Many prosperous residents here pursued various stratagems to obtain American passports before Britain returned Hong Kong to China in 1997. Jeffrey K. F. Lam, a member of the Legislative Council here who attended Mr. Iger’s speech, said that some were now renouncing their American citizenship. But he said this was mostly to avoid paying American taxes in addition to Hong Kong taxes, and because of renewed confidence in Hong Kong’s future, not because of hostility to the United States.
The park is controversial here because it is being built with $2.88 billion (22.45 billion Hong Kong dollars) in investment from the Hong Kong government. The government provided the land and is building road and rail links, although some of the road and rail costs might have been incurred even if the theme park had not been built.
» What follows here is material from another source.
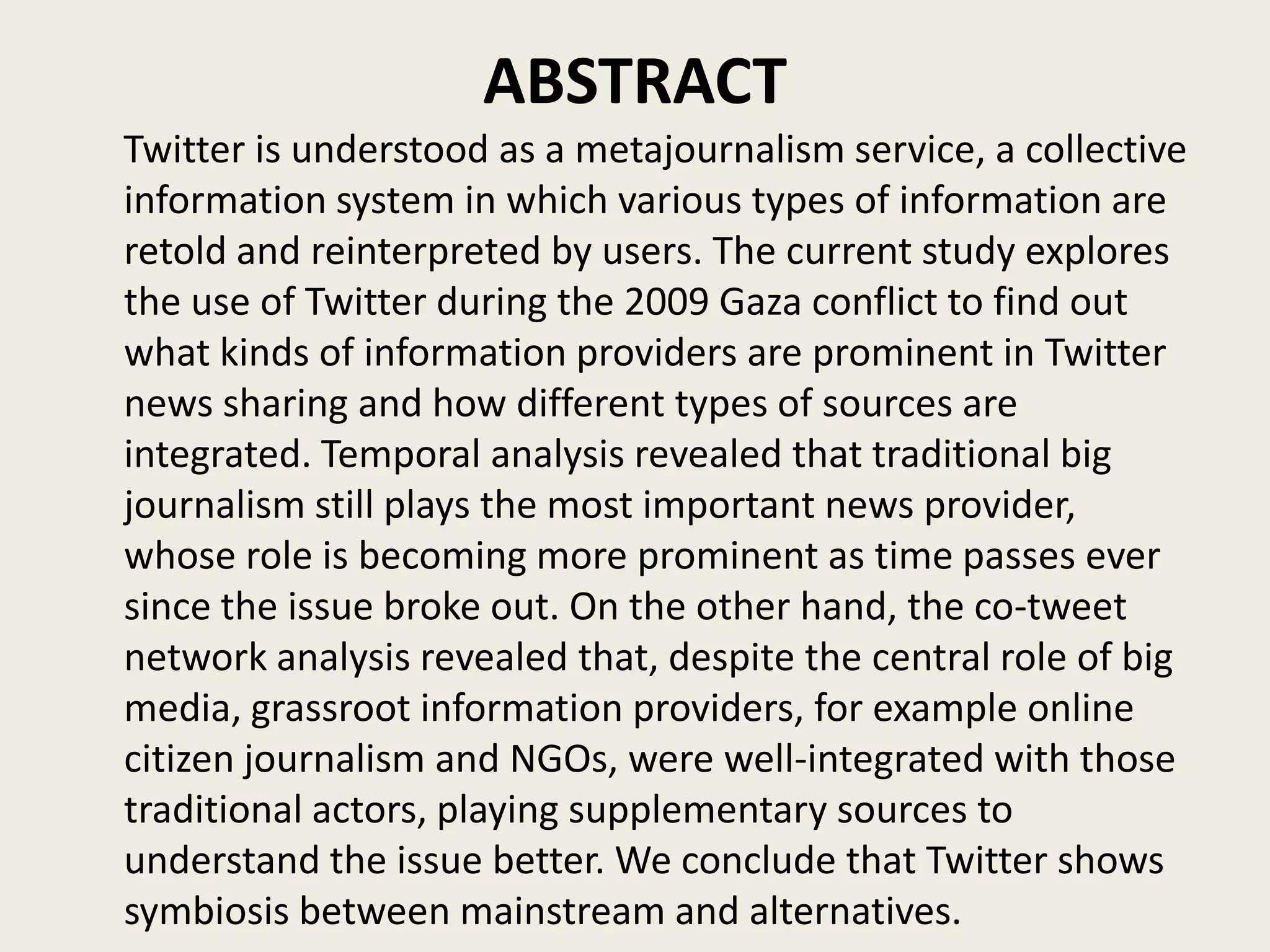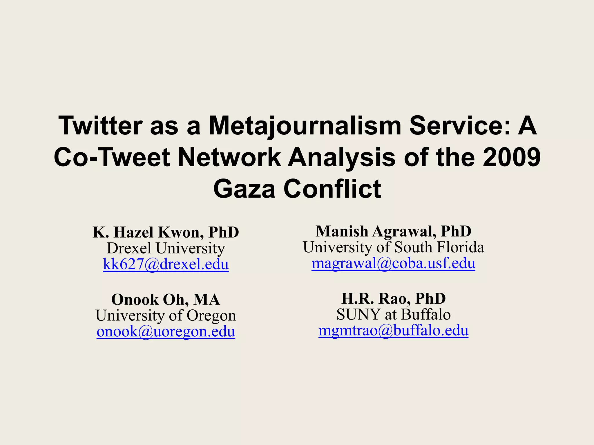 (1) This study analyzed how information about the 2009 Gaza conflict was shared on Twitter. It found that traditional large media organizations like the BBC and New York Times were most prominent initially but their role increased over time.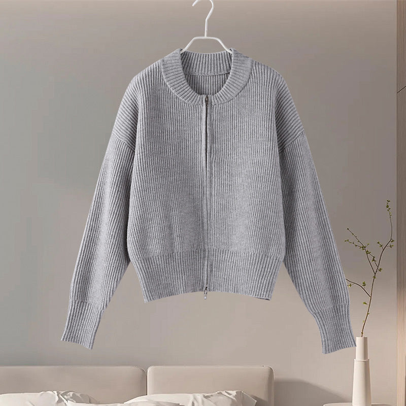 Casual Solid Color Zip Up Knit Cardigan DP25G918

The government owns 57 percent of the park, with Disney owning the rest. The government also holds subordinated shares that would convert to ordinary shares, raising the government’s ownership as high as 75 percent, if the park does much better than originally envisioned.
Many here were upset by the disclosure – made after the deal was signed – that Disney was in separate talks to open a park in Shanghai. Disney has not concluded any deals in Shanghai, however, and has said that any park there would not open before 2010.
Michael J. T. Rowse, who negotiated the deal for the government as tourism commissioner and is now the director general of the government’s foreign investment attraction arm, InvestHK, said that a series of recent visa policy changes by Beijing would result in far more visitors to Hong Kong Disneyland than originally anticipated.